● **Instructions for the task**: Everything in the listing must be repeated exactly, apart from the images.

● **Information**:
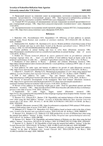 1. 	Мадышев И. Ш., Файзрахманов Р. Н., Камалдинов И. Н. Эффективность кормовых добавок в животноводстве // Ученые записки Казанской государственной академии ветеринарной медицины им. Н. Э. Баумана. 2017. Том 232. № 4. С. 105-108. EDN: ZVRHSV
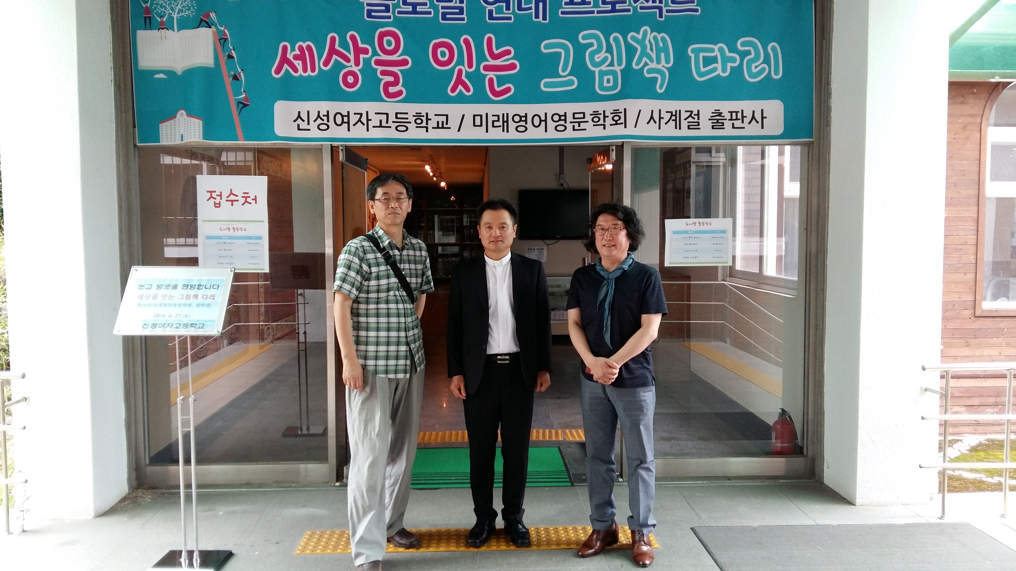 지난 8월 12일에 제주 신성여자고등학교(교장 송동림)와 체결한 글로벌 연대 프로젝트 관련 업무협약의 일환으로 8월 27일(토) 신성여고에서 개최된 '세상을 잇는 그림책 다리' 행사에 미래영어영문학회 회원 등이 참여하여 번역봉사를 실시하였습니다.
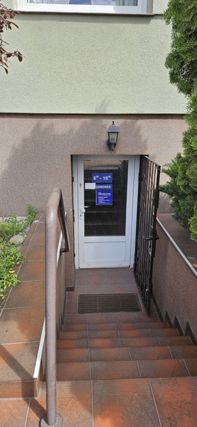 W piwnicy na podłodze kafle, od frontu budynku osobne wejście do pomieszczeń piwnicy ze szklanymi drzwiami – było wykorzystywane jako wejście do pracowni/sklepu.
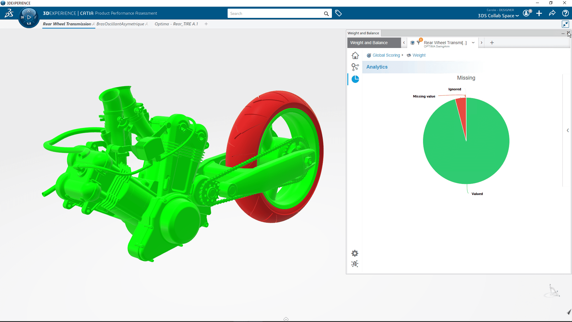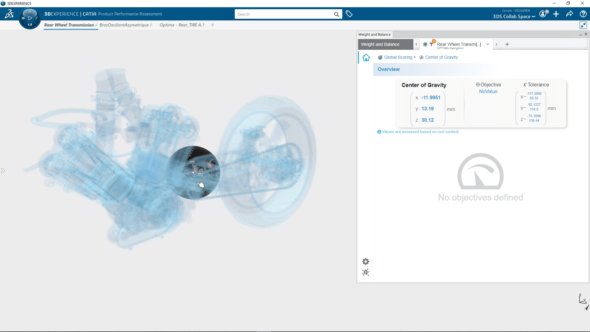 Valuate, analyze and respect, Weight and Balance Metrics and Targets, in 3D configured product definition, in collaboration with weight manager.
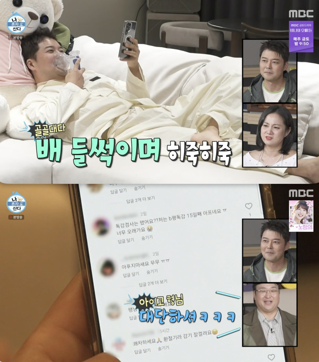 힘없이 누워 있던 그는 자신의 SNS에 달린 팬들의 댓글을 읽으며 배를 들썩이며 히죽이기 시작했다. 팬들의 따뜻한 댓글에 위로받는 모습을 보이며, 마음을 충전하는 듯한 표정을 지었다.
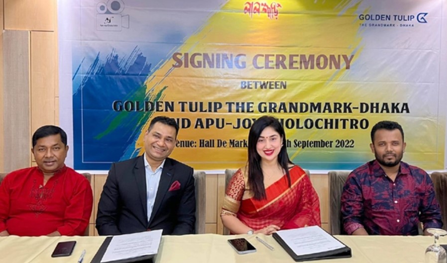 চিত্রনায়িকা অপু বিশ্বাস প্রযোজক হিসেবে আত্মপ্রকাশ করেছেন। তার প্রযোজনায় প্রথম চলচ্চিত্র ‘লাল শাড়ি’র কাজ শুরু হতে যাচ্ছে। এই সিনেমার সঙ্গে যুক্ত হলো হোটেল গোল্ডেন টিউলিপ দ্য গ্রান্ডমার্ক। গত মঙ্গলবার রাজধানীর বনানীতে অবস্থিত গোল্ডেন টিউলিপ রেস্তরাঁয় এ বিষয়ে আনুষ্ঠানিক চুক্তি স্বাক্ষর হয়। এ সময় অপু-জয় চলচ্চিত্রের কর্ণধার অপু বিশ্বাস, পরিচালক বন্ধন বিশ্বাস, গোল্ডেন টিউলিপ দ্য গ্রান্ডর্মাকের ম্যানেজার তারেক, কোরিওগ্রাফার গৌতম সাহাসহ অনেকে উপস্থিত ছিলেন। সম্প্রতি সিনেমার জন্য সরকারি অনুদান পেয়েছেন অপু বিশ্বাস।চলচ্চিত্র নির্মাণের জন্য তথ্য ও সম্প্রচার মন্ত্রণালয় থেকে তাকে ৬৫ লাখ টাকা পেয়েছেন তিনি।গত ২০ জুলাই মন্ত্রণালয়ের সভাকক্ষে অপু বিশ্বাসের হাতে অনুদানের চেক তুলে দেন তথ্য ও সম্প্রচার মন্ত্রণালয়ের সচিব। ‘লাল শাড়ি’ সিনেমাটি নির্মাণ করছেন বন্ধন বিশ্বাস।প্রযোজনার পাশাপাশি এতে অপু অভিনয়ও করবেন। তার বিপরীতে চিত্রনায়ক সাইমন সাদিককে দেখা যাবে।
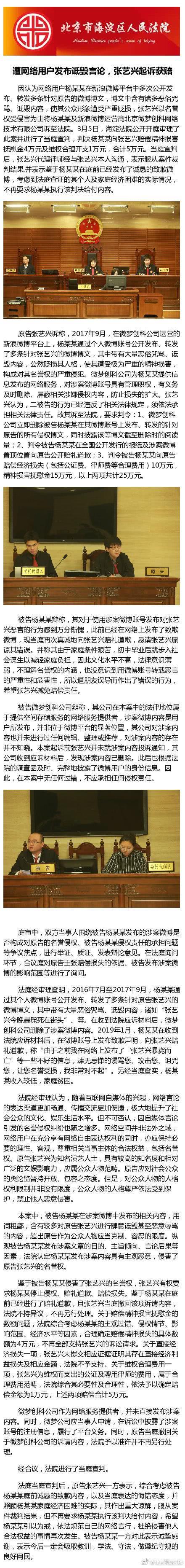 3月5日,北京海淀法院发布案件播报,称张艺兴诉杨某某侵犯名誉权一案并进行了当庭宣判,判决杨某某向张艺兴赔偿精神损害抚慰金4万元及维权合理开支1万元,合计5万元。
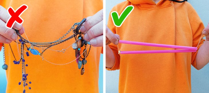 Чтобы цепочки и подвески не перепутались во время путешествия, надо продеть украшения сквозь соломинку.
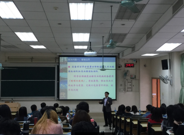 物业管理专业负责人陈德豪教授以“基于新技术应用的内地物业管理经营创新案例及启示”为题,讲解了目前内地物业服务企业依托互联网技术在社区商务生态圈打造、智慧社区O2O应用、物联网远程监控应用等方面的创新成果、案例与启示;接着,香港理工大学许智文教授为大家带来了题为“Hong Kong Real Estate Market”(香港房地产市场发展动态)的学术讲座。讲座现场,互动频繁,提问不断,交流热烈,同学们对两地房地产和物业管理市场发展动态表现出浓烈的兴趣。
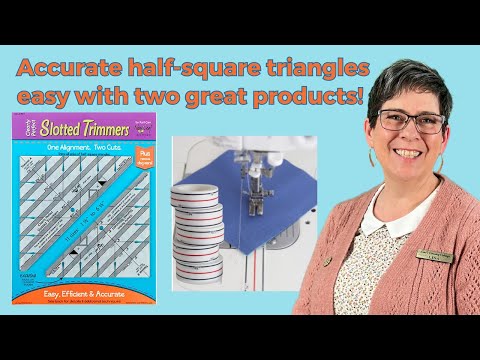 An easy, efficient & accurate method to square-up half-square triangles.  Align the seam of an unpressed hst with dashed lines and with easy strokes, trim all four sides.  The unique edge slots allow for trimming of the dog ears at the same time.  No need to rotate fabric to realign.

● **Completed exercise**:
 1. 	Мадышев И. Ш., Файзрахманов Р. Н., Камалдинов И. Н. Эффективность кормовых добавок в животноводстве // Ученые записки Казанской государственной академии ветеринарной медицины им. Н. Э. Баумана. 2017. Том 232. № 4. С. 105-108. EDN: ZVRHSV
 지난 8월 12일에 제주 신성여자고등학교(교장 송동림)와 체결한 글로벌 연대 프로젝트 관련 업무협약의 일환으로 8월 27일(토) 신성여고에서 개최된 '세상을 잇는 그림책 다리' 행사에 미래영어영문학회 회원 등이 참여하여 번역봉사를 실시하였습니다.
 W piwnicy na podłodze kafle, od frontu budynku osobne wejście do pomieszczeń piwnicy ze szklanymi drzwiami – było wykorzystywane jako wejście do pracowni/sklepu.
 Valuate, analyze and respect, Weight and Balance Metrics and Targets, in 3D configured product definition, in collaboration with weight manager.
 힘없이 누워 있던 그는 자신의 SNS에 달린 팬들의 댓글을 읽으며 배를 들썩이며 히죽이기 시작했다. 팬들의 따뜻한 댓글에 위로받는 모습을 보이며, 마음을 충전하는 듯한 표정을 지었다.
 চিত্রনায়িকা অপু বিশ্বাস প্রযোজক হিসেবে আত্মপ্রকাশ করেছেন। তার প্রযোজনায় প্রথম চলচ্চিত্র ‘লাল শাড়ি’র কাজ শুরু হতে যাচ্ছে। এই সিনেমার সঙ্গে যুক্ত হলো হোটেল গোল্ডেন টিউলিপ দ্য গ্রান্ডমার্ক। গত মঙ্গলবার রাজধানীর বনানীতে অবস্থিত গোল্ডেন টিউলিপ রেস্তরাঁয় এ বিষয়ে আনুষ্ঠানিক চুক্তি স্বাক্ষর হয়। এ সময় অপু-জয় চলচ্চিত্রের কর্ণধার অপু বিশ্বাস, পরিচালক বন্ধন বিশ্বাস, গোল্ডেন টিউলিপ দ্য গ্রান্ডর্মাকের ম্যানেজার তারেক, কোরিওগ্রাফার গৌতম সাহাসহ অনেকে উপস্থিত ছিলেন। সম্প্রতি সিনেমার জন্য সরকারি অনুদান পেয়েছেন অপু বিশ্বাস।চলচ্চিত্র নির্মাণের জন্য তথ্য ও সম্প্রচার মন্ত্রণালয় থেকে তাকে ৬৫ লাখ টাকা পেয়েছেন তিনি।গত ২০ জুলাই মন্ত্রণালয়ের সভাকক্ষে অপু বিশ্বাসের হাতে অনুদানের চেক তুলে দেন তথ্য ও সম্প্রচার মন্ত্রণালয়ের সচিব। ‘লাল শাড়ি’ সিনেমাটি নির্মাণ করছেন বন্ধন বিশ্বাস।প্রযোজনার পাশাপাশি এতে অপু অভিনয়ও করবেন। তার বিপরীতে চিত্রনায়ক সাইমন সাদিককে দেখা যাবে।
 3月5日,北京海淀法院发布案件播报,称张艺兴诉杨某某侵犯名誉权一案并进行了当庭宣判,判决杨某某向张艺兴赔偿精神损害抚慰金4万元及维权合理开支1万元,合计5万元。
 Чтобы цепочки и подвески не перепутались во время путешествия, надо продеть украшения сквозь соломинку.
 物业管理专业负责人陈德豪教授以“基于新技术应用的内地物业管理经营创新案例及启示”为题,讲解了目前内地物业服务企业依托互联网技术在社区商务生态圈打造、智慧社区O2O应用、物联网远程监控应用等方面的创新成果、案例与启示;接着,香港理工大学许智文教授为大家带来了题为“Hong Kong Real Estate Market”(香港房地产市场发展动态)的学术讲座。讲座现场,互动频繁,提问不断,交流热烈,同学们对两地房地产和物业管理市场发展动态表现出浓烈的兴趣。
 An easy, efficient & accurate method to square-up half-square triangles.  Align the seam of an unpressed hst with dashed lines and with easy strokes, trim all four sides.  The unique edge slots allow for trimming of the dog ears at the same time.  No need to rotate fabric to realign.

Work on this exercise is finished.